**WHAT THE TASK REQUIRES:**
Task for the records below: repeat the line containing "11月25日,成都蓉城隊球員古爾芬克爾(左)在比賽中爭頂頭球。新華社記者 王曦 攝" and every line after it, exactly and with nothing else, but leave out the pictures.

**INFORMATION SHOWN:**

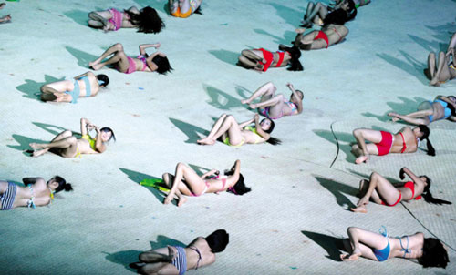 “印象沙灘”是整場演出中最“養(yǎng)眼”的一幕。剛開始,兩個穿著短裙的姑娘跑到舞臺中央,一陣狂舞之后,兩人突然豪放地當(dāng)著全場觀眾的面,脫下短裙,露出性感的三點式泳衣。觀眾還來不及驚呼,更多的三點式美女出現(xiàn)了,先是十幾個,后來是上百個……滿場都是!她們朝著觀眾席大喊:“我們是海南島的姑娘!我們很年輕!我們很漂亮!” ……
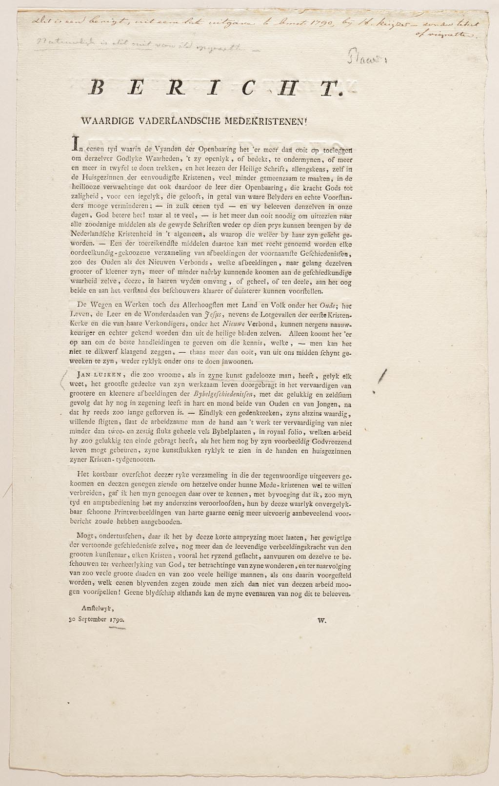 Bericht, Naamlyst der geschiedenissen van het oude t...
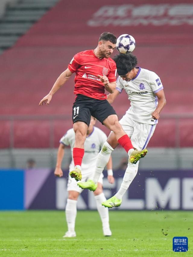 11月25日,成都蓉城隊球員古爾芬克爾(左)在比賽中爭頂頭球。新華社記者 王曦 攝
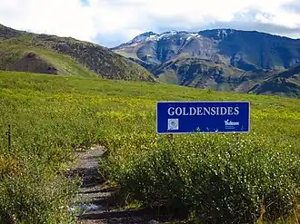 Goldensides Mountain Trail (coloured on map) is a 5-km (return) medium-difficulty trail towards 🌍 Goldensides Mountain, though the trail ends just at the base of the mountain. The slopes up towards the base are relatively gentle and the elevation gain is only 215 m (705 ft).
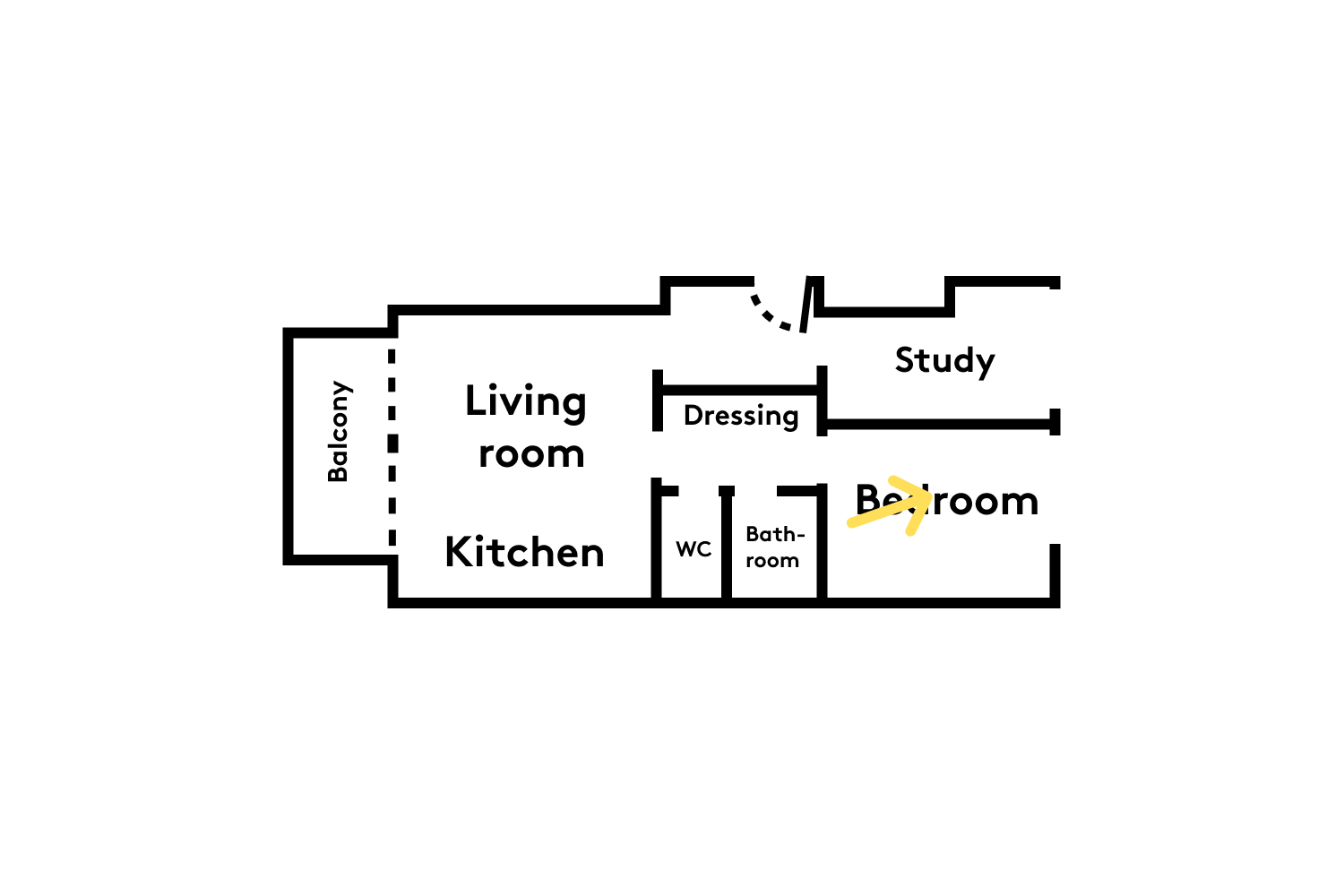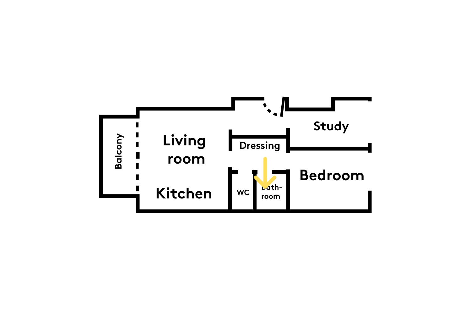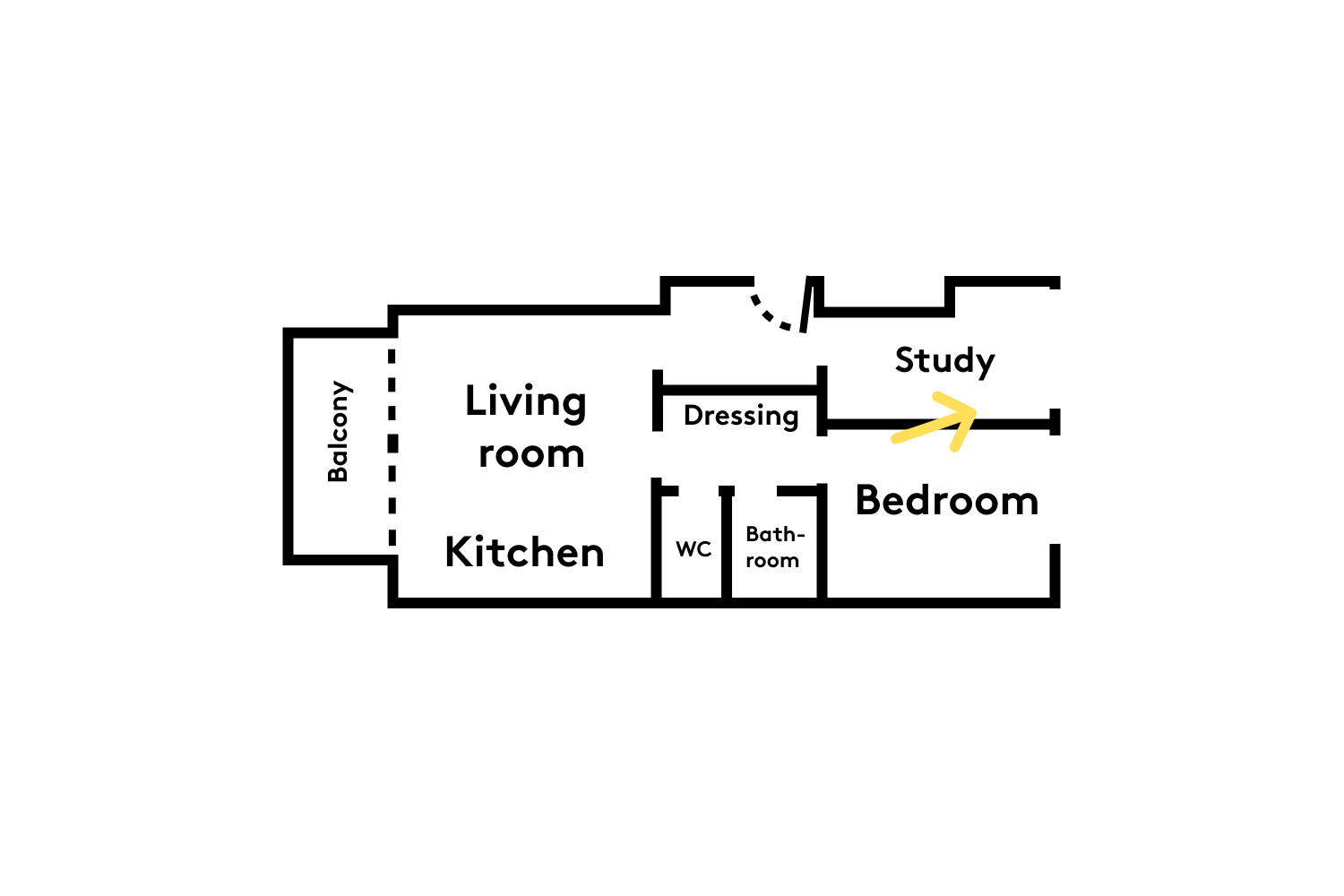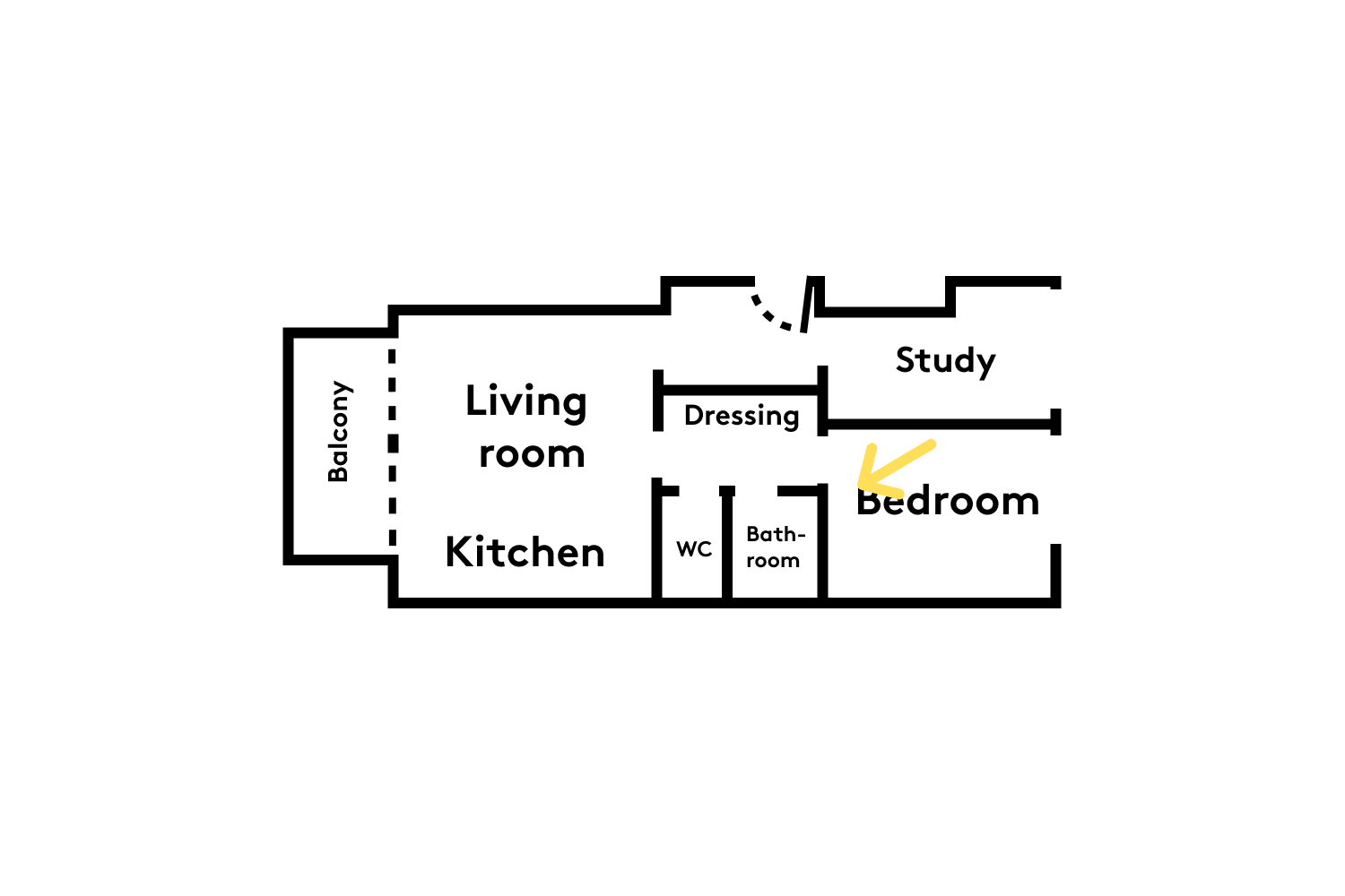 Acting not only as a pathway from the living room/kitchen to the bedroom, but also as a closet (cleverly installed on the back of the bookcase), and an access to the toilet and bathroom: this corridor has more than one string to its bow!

**RESULT:**
 11月25日,成都蓉城隊球員古爾芬克爾(左)在比賽中爭頂頭球。新華社記者 王曦 攝
 Goldensides Mountain Trail (coloured on map) is a 5-km (return) medium-difficulty trail towards 🌍 Goldensides Mountain, though the trail ends just at the base of the mountain. The slopes up towards the base are relatively gentle and the elevation gain is only 215 m (705 ft).
 Acting not only as a pathway from the living room/kitchen to the bedroom, but also as a closet (cleverly installed on the back of the bookcase), and an access to the toilet and bathroom: this corridor has more than one string to its bow!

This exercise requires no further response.